Input records:
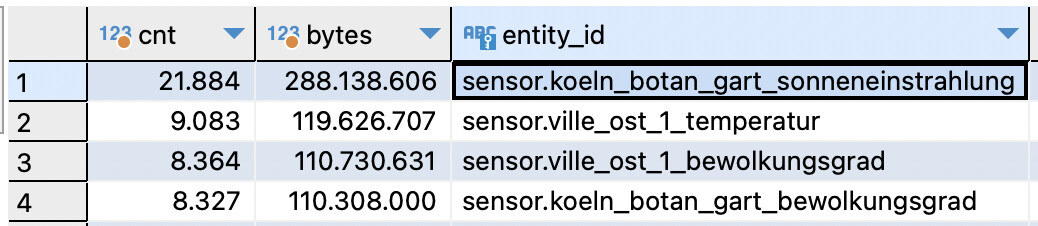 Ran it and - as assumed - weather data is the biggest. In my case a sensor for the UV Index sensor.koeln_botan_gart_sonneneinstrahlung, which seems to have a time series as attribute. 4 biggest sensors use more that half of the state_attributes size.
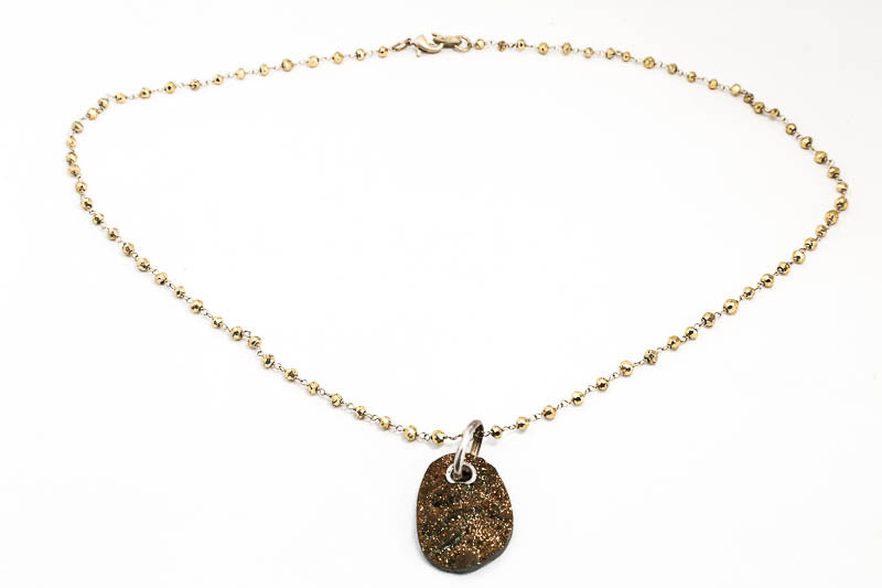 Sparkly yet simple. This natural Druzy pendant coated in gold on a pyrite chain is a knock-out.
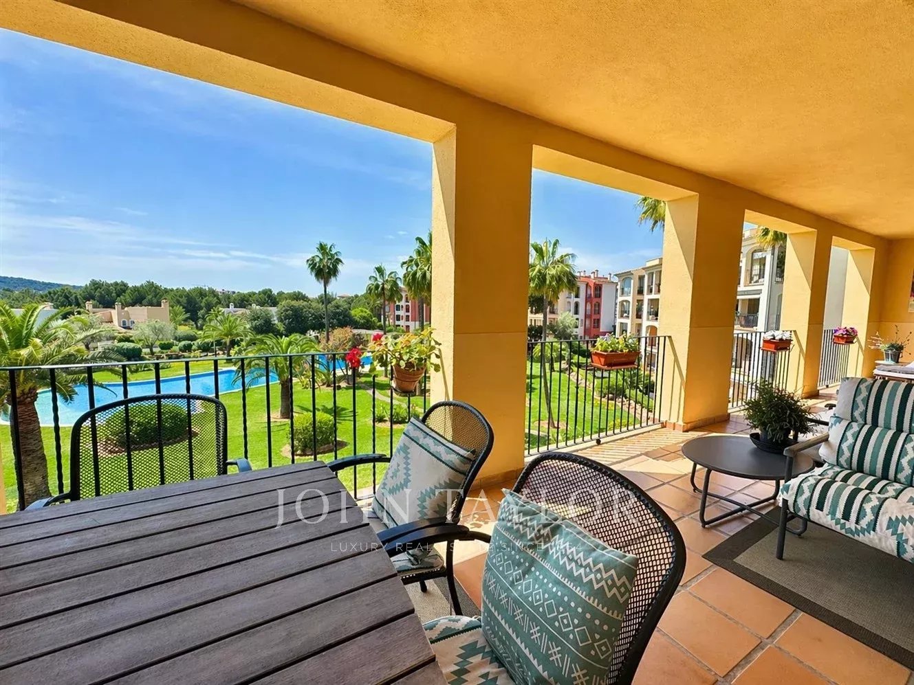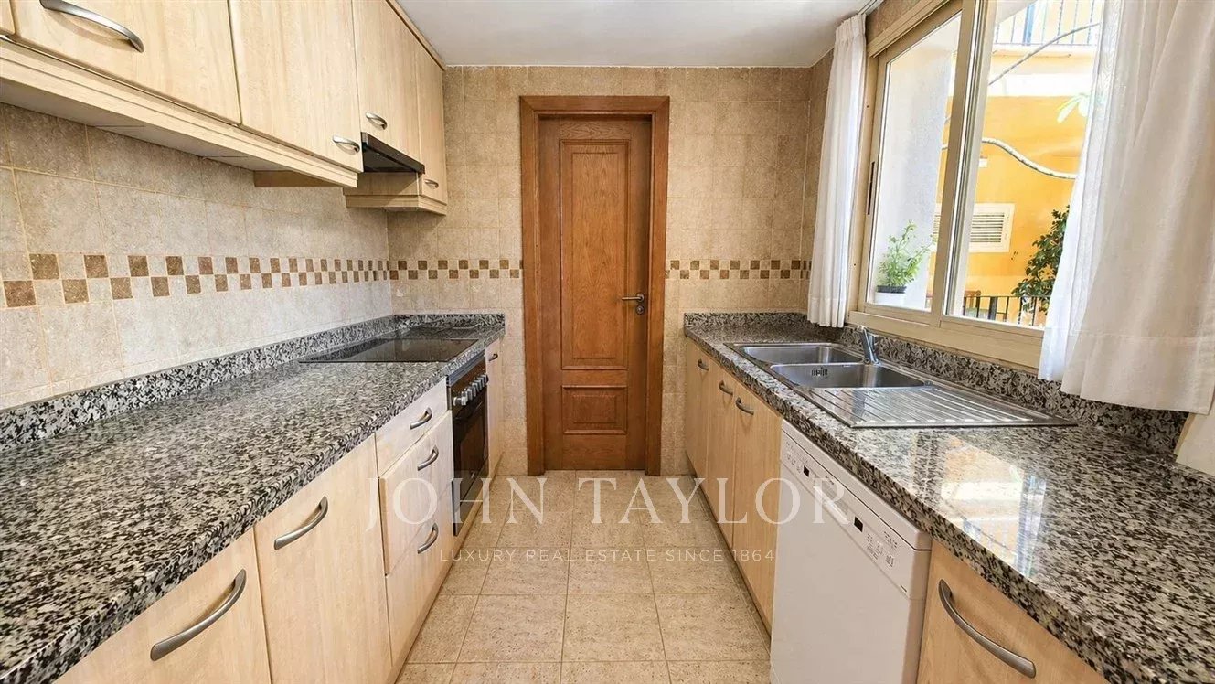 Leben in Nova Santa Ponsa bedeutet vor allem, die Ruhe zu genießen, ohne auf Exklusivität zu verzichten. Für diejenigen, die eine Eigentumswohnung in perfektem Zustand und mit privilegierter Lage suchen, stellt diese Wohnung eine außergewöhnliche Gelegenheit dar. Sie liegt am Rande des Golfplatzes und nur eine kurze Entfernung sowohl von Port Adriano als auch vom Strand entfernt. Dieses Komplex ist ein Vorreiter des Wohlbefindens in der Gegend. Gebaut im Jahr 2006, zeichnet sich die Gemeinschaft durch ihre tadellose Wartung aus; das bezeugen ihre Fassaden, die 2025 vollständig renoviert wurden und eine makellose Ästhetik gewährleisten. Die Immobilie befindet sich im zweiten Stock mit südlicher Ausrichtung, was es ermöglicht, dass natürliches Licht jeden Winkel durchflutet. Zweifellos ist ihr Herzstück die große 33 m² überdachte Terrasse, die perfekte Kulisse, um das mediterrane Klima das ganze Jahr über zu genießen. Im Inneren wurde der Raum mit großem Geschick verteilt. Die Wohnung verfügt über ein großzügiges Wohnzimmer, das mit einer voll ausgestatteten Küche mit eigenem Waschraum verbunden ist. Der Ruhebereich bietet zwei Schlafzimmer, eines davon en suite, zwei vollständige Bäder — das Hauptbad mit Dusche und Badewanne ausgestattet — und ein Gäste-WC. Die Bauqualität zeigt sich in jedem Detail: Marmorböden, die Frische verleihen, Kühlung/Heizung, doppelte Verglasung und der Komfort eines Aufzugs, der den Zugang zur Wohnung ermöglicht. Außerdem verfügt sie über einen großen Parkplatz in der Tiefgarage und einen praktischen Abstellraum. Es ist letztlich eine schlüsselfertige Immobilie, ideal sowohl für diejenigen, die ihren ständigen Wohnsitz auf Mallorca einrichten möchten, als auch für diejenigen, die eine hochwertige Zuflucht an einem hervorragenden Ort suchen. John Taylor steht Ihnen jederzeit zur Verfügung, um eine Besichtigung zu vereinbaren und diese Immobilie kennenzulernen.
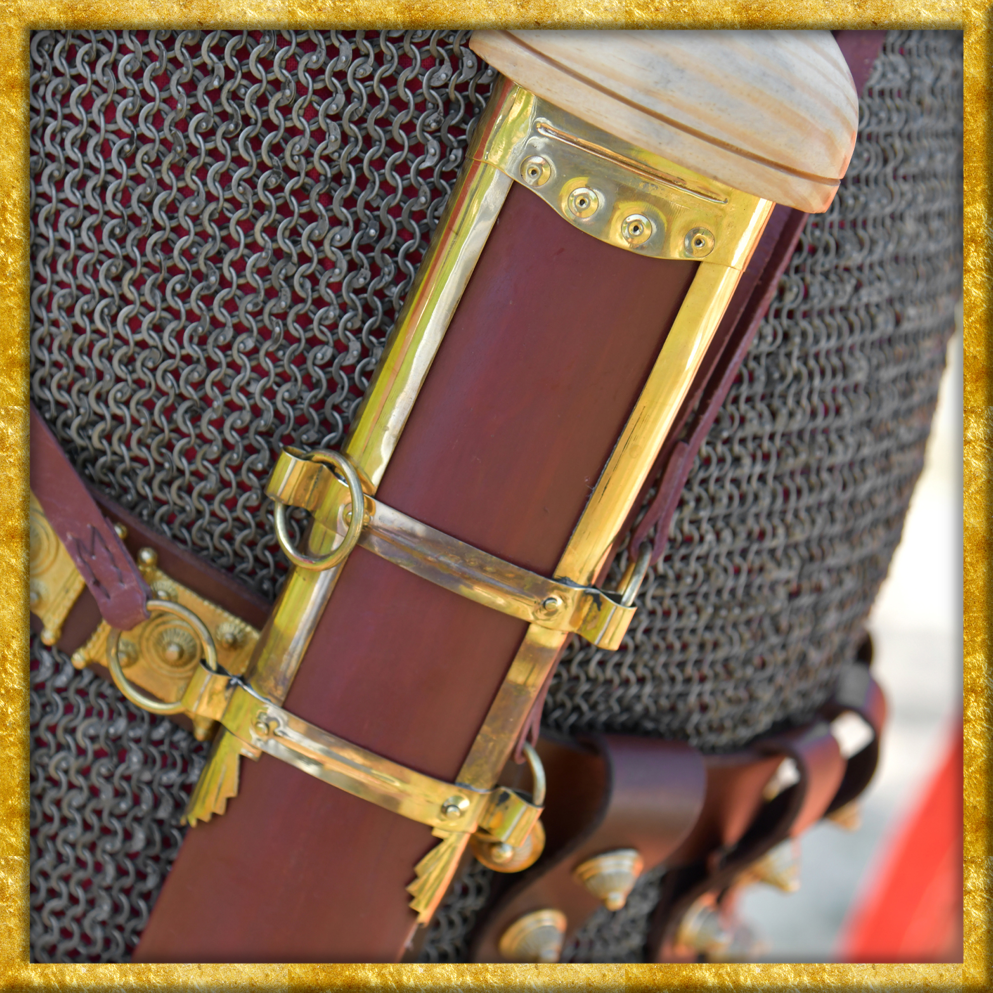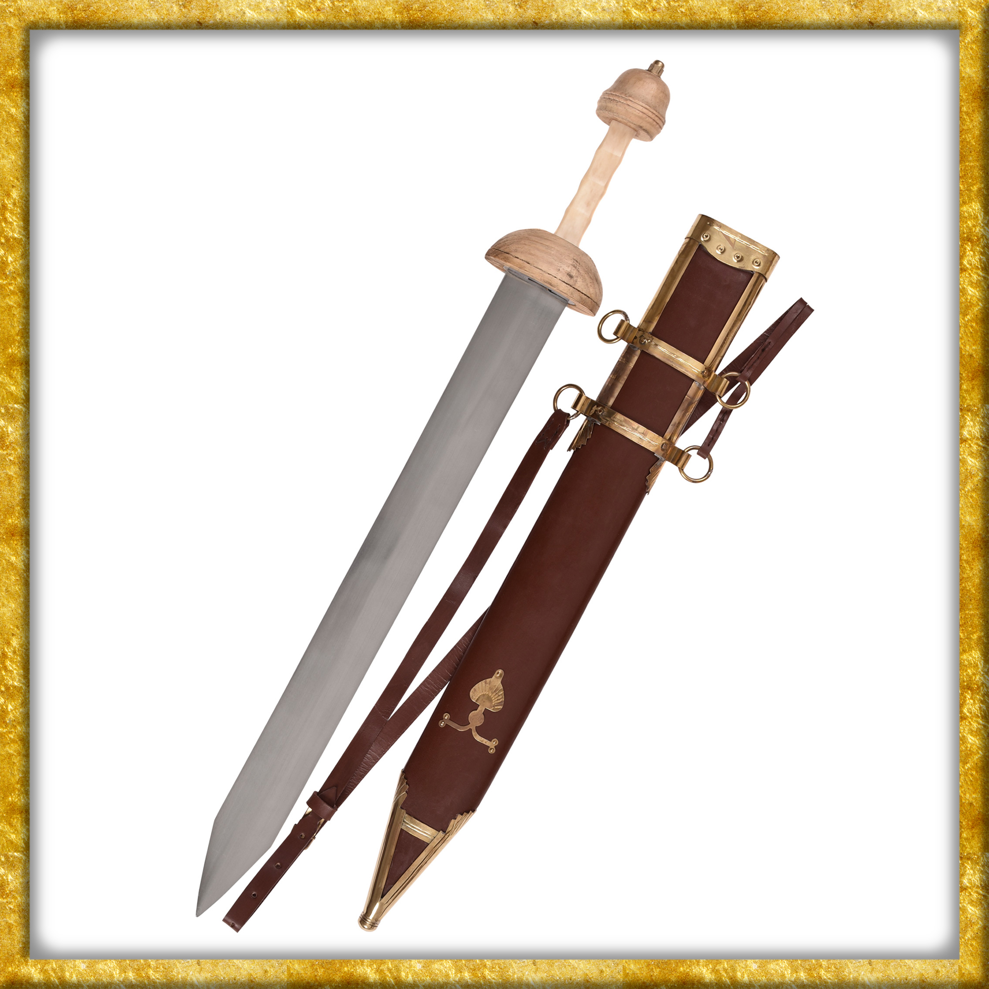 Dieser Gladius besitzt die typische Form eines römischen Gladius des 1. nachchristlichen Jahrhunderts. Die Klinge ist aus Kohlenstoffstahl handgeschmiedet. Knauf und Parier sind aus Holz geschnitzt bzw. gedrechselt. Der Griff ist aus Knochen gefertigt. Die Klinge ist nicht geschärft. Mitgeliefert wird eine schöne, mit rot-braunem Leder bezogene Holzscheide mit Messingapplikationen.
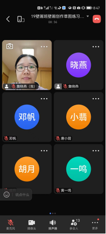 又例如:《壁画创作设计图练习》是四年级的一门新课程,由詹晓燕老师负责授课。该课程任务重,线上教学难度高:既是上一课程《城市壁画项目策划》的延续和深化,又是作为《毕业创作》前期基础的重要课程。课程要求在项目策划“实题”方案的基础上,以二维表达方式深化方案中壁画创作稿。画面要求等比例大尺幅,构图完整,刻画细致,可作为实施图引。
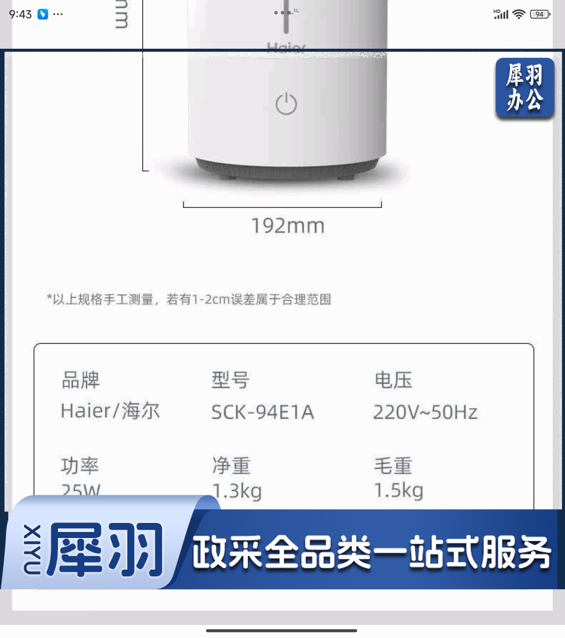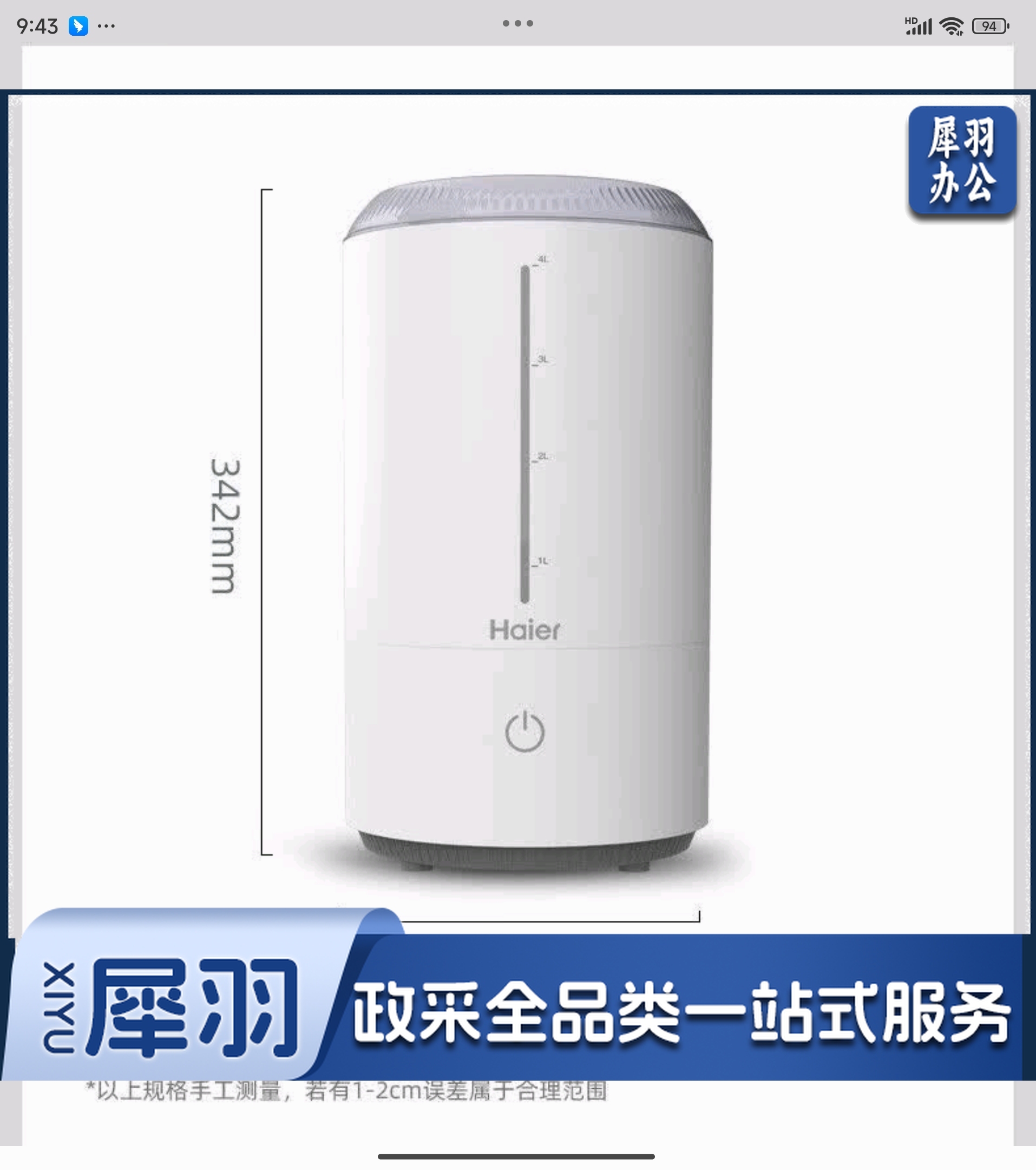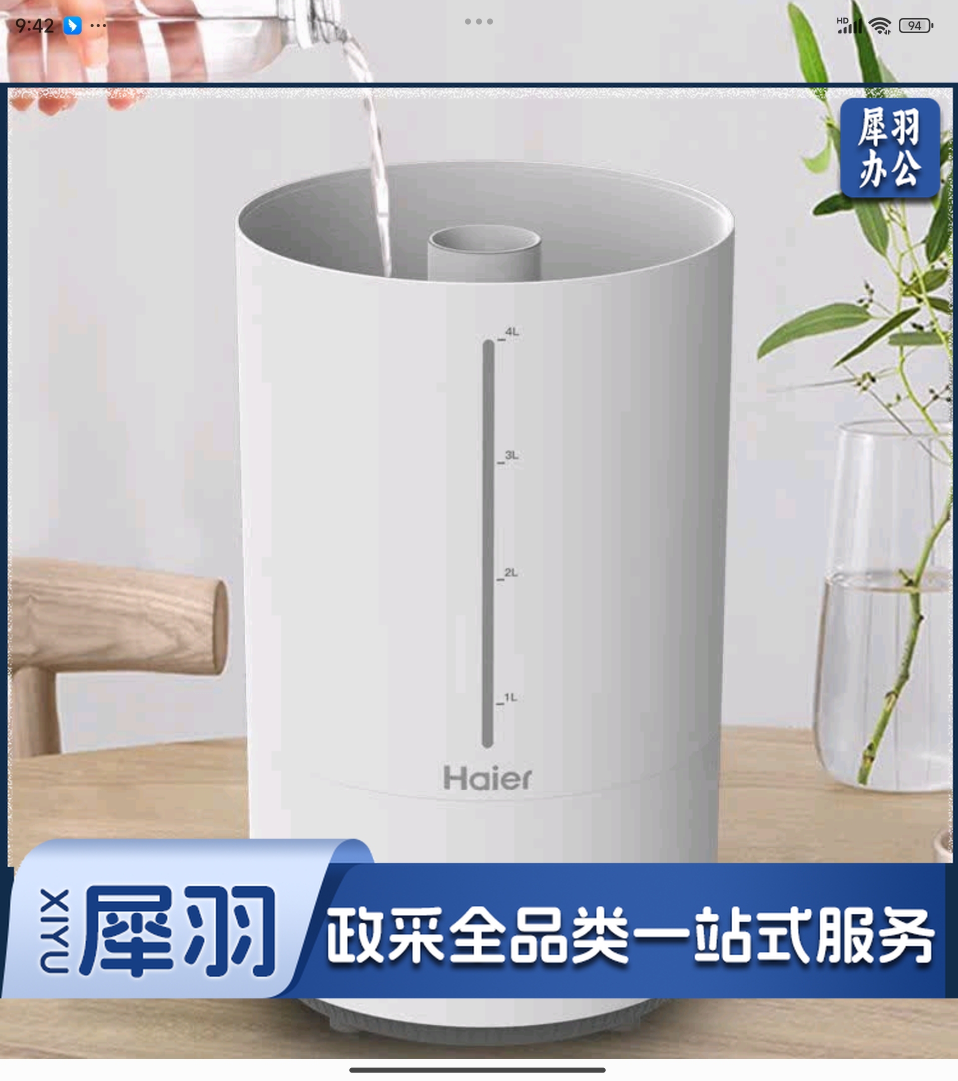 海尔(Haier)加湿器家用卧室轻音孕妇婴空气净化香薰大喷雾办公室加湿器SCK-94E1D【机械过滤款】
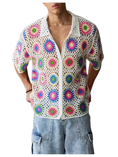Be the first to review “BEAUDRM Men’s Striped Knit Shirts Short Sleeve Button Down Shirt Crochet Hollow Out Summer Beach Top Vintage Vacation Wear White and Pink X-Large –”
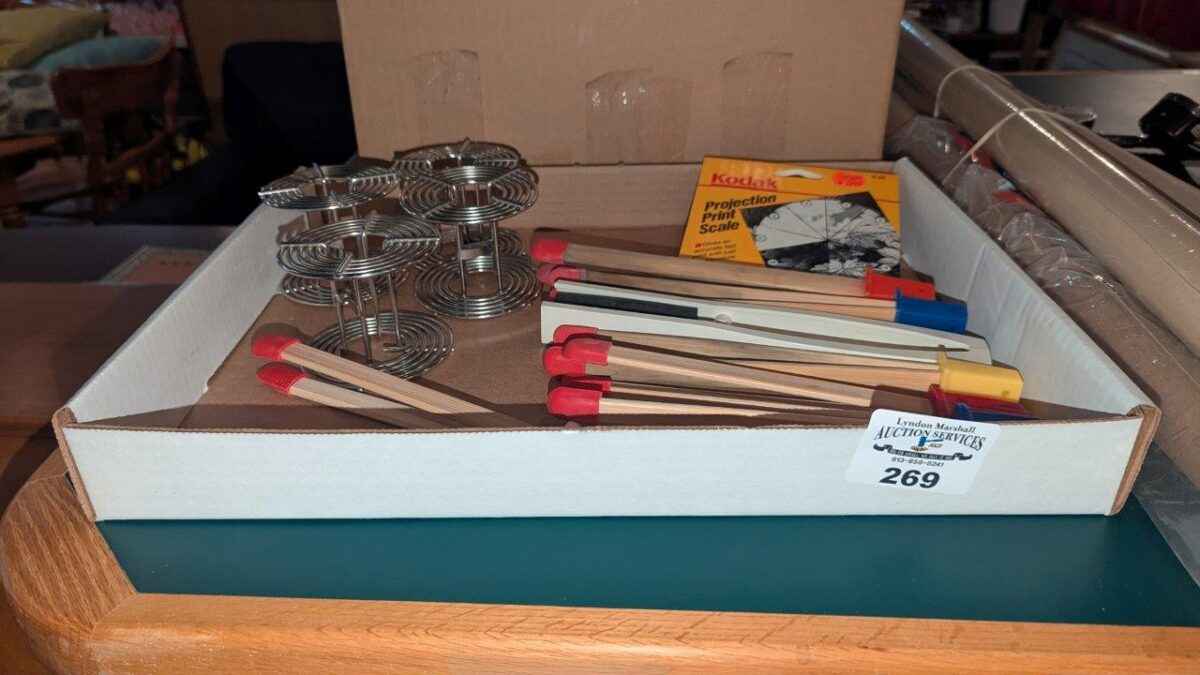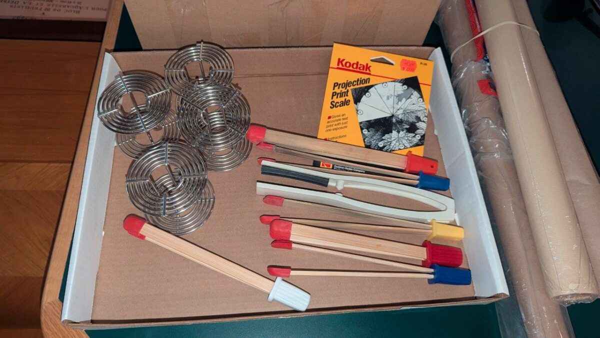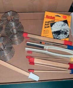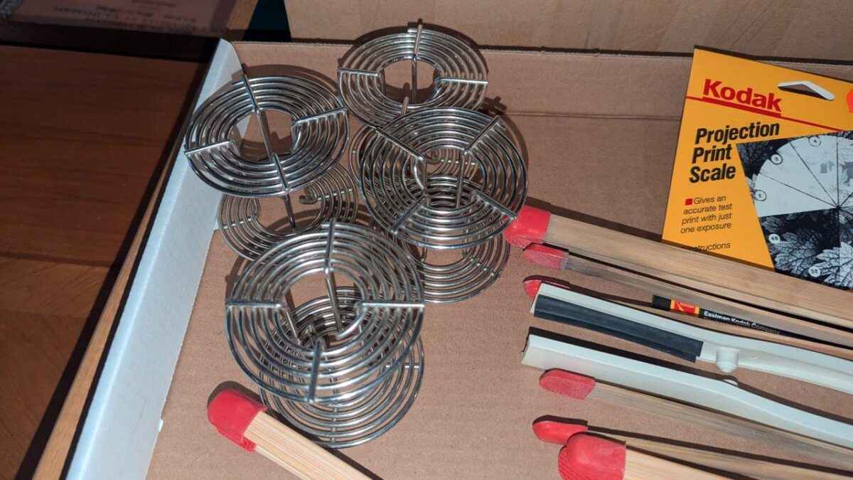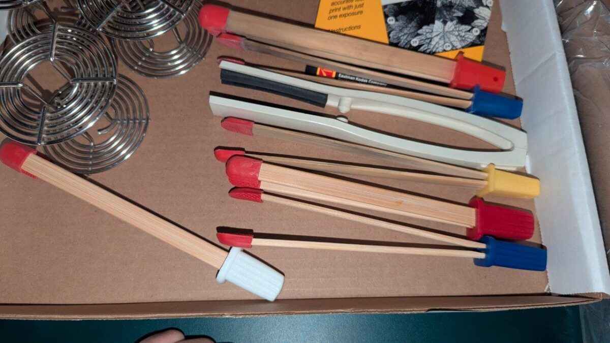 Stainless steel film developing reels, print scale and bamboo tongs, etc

What is being asked:
Nothing but the lines from the one with "又例如:《壁画创作设计图练习" up to and including the one with "海尔(Haier)加湿器家用" should be printed, exactly as they read above. Please keep the pictures out.

Response box:
 又例如:《壁画创作设计图练习》是四年级的一门新课程,由詹晓燕老师负责授课。该课程任务重,线上教学难度高:既是上一课程《城市壁画项目策划》的延续和深化,又是作为《毕业创作》前期基础的重要课程。课程要求在项目策划“实题”方案的基础上,以二维表达方式深化方案中壁画创作稿。画面要求等比例大尺幅,构图完整,刻画细致,可作为实施图引。
 海尔(Haier)加湿器家用卧室轻音孕妇婴空气净化香薰大喷雾办公室加湿器SCK-94E1D【机械过滤款】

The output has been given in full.